L’ambiance est plus sombre avec « Polikouchka » ou Polikouchka
, un serf alcoolique voleur à la réputation usurpée de soigneur de chevaux, se trouve désigné pour être réquisitionné dans l’armée.

Sa patronne, toujours désireuse de le remettre sur le droit chemin, désire l’épargner mais se trouve confronté à un choix difficile, un autre membre de la famille des riches paysans Doutlov étant proposé à la place de Polikouchka.

La situation évolue pourtant fortement lorsque Polikouchka chargé par sa patronne de lui ramener une enveloppe pleine d’argent de la ville, perd ladite enveloppe et se suicide par pendaison de désespoir.

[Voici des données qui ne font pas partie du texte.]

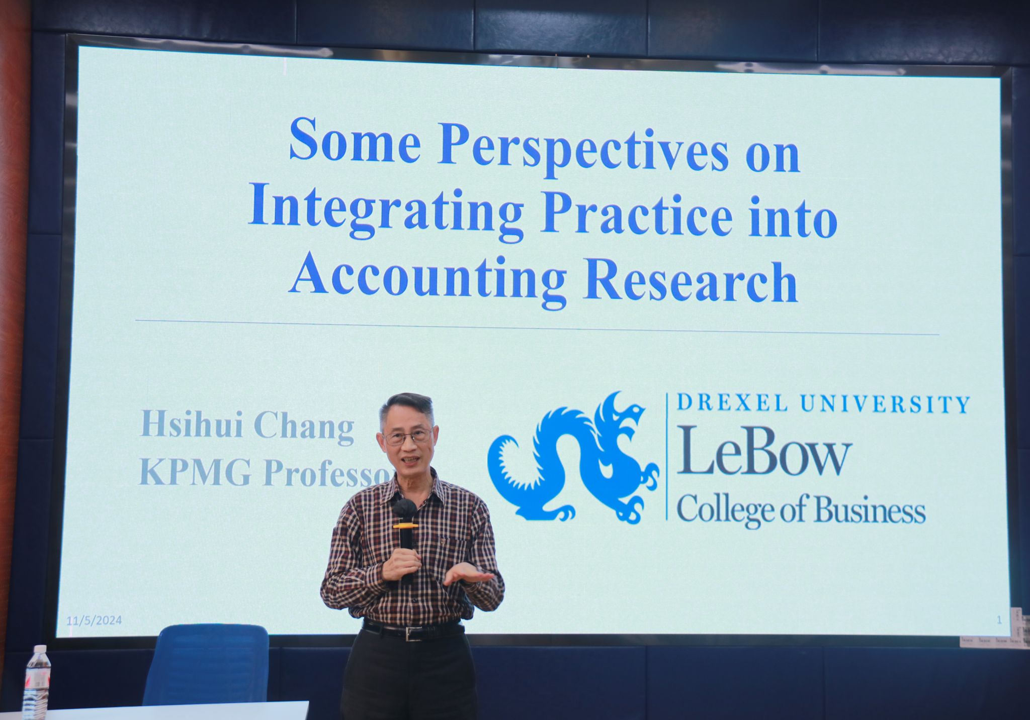 2024年11月5日下午,美国德雷塞尔大学(Drexel University)LeBow商学院张锡惠教授应邀在公司0218室为师生带来题为“Integrating Practice into Accounting Research”的学术讲座。本次学术活动由HAHA体育副经理马锋主持,学院金融与财务学系、会计学系部分相关专家、老师、研究生共30余人参与此次学术交流活动。公司副经理马锋对张锡惠教授的学术背景与成就进行了介绍,并代表学院对张锡惠教授表示欢迎与诚挚的感谢。

Tandis que sa femme Akoulina sombre dans la démence, Doutlov récupère par un étrange hasard ladite enveloppe qui lui est gracieusement offerte par la patronne, convaincue d’une malédiction pesant sur elle.

Doutlov utilise l’argent pour sauver son neveu Ilyouchka traumatisé par cette désignation auprès de vouloir se révolter physiquement, en achetant un engagé volontaire, qui au moment de partir avec les autres conscrits l’insulte haineusement.

On termine le recueil par « Le cheval » étrange nouvelle ou un vieux hongre malade, persécuté aussi bien par ses maitres que par les autres chevaux plus jeune, qui avant de mourir sous la lame de l’équarisseur, raconte son glorieux passé de trotteur, ou il vainquit le trotteur favori d’un général, avant de connaitre une longue déchéance physique et des transferts successifs de maitres en maitres.

Avec un certain sens du clin d’œil, un parallèle est effectué avec le destin de son ancien maitre, l’homme d’affaires Serpoukhovskoi, lui aussi tombé dans la déchéance en raison de dettes abyssales et dont le corps est dévoré par les vers alors que celui du cheval sert à nourrir des prédateurs d’un rang plus élevé.

En conclusion, comme souvent pour un recueil de nouvelles, « La tempête de neige et autres récits » est un ouvrage assez inégal, certaines nouvelles m’ayant peu captivé, d’autres plus émouvantes ou originales, m’ayant tenu en haleine.

Dans la catégorie de ces dernières on trouvera les histoires du prince Nekhlioudov visible alter égo de Tolstoï, avec de brillantes descriptions de la vie difficile des misérables paysans russes du XIX ième siècle ou le point de vue plus surprenant mais néanmoins empli de lucidité concernant la fausse supériorité sensée conférée par le statut social des bourgeois sur les artistes à la vie certes plus bancale mais certainement plus riche intérieurement.

Difficile également de ne pas succomber à « Le cheval », aussi surprenant que émotionnellement fort, avec la déchéance tragique d’un magnifique cheval noir et blanc détruit par la vieillesse et une vie chaotique …

Les autres nouvelles sont de qualité mais m’ont certainement moins touché ou fait vibrer.

Au final, bien que n’étant pas une œuvre impérissable,  « La tempête de neige et autres récits » reste un recueil de bonne qualité globale, qui confirme le statut de valeur sure de Tolstoï.